Today he claims that Fabian Society meetings this year “are expected to be lively,” an allegation we are sure would be news to its cardigan-wearing, pipe-smoking membership led by above-pictured former Labor minister Race Mathews. :
The Fabian Society battles on, with Evan Thornley’s election as national secretary threatening to inject some much needed extra-parliamentary zeal into their 2009 agenda. The Thornley appointment has met with outrage from some members miffed at his resignation from the Victorian Upper House and meetings this year are expected to be lively. The Fabians’ action plan for 2009 reads like a desperate call for participation — all the right ideas are present and accounted before (including some ahead of the curve thinking on emissions trading).
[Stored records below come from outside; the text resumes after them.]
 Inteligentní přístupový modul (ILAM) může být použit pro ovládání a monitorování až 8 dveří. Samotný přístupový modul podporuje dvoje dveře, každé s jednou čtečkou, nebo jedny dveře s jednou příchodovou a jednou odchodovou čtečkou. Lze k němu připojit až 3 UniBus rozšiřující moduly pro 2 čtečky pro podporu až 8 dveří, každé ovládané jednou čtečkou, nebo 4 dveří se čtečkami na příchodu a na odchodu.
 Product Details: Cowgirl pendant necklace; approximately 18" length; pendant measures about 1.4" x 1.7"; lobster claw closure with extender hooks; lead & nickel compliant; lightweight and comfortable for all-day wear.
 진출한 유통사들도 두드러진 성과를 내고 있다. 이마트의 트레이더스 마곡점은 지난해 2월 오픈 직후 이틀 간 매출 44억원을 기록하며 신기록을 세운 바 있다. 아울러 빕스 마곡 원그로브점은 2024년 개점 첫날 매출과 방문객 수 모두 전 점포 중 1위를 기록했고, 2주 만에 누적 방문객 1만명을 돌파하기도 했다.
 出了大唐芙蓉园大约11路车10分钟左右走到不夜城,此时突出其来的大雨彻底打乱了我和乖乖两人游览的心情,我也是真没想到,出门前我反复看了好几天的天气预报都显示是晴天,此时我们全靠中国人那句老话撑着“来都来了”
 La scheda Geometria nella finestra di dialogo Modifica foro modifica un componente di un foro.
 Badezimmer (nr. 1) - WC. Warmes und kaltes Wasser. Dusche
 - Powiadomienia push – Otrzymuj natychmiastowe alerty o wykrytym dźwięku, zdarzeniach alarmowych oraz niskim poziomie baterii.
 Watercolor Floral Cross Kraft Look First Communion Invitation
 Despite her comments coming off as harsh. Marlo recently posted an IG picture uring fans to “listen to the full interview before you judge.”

Whether it manages to recreate this impressive line-up of guest speakers remains to be seen.
It is not the first time the Fabians – whose leadership includes Racy Race Mathews and others whose idea of fun is booking lecture theatre and an intriguing sociologist for a few hours of earnest discussion – have been misrepresented. If you are intrigued about Race Mathews – and who isn’t? – please click here to read about him and his role in the “Melbourne Science Fiction Group” (surely a front).
Mel Gibson’s papa Hutton- a loon whose hobbies include Holocaust denial and who makes his occasionally anti-semitic ranting movie-star son look normal – believes the Fabians are controlled by the devil. This is not necessarily considered a reference to Evan Thornley. He claims that Fabian “creeping socialism” is intent on world domination.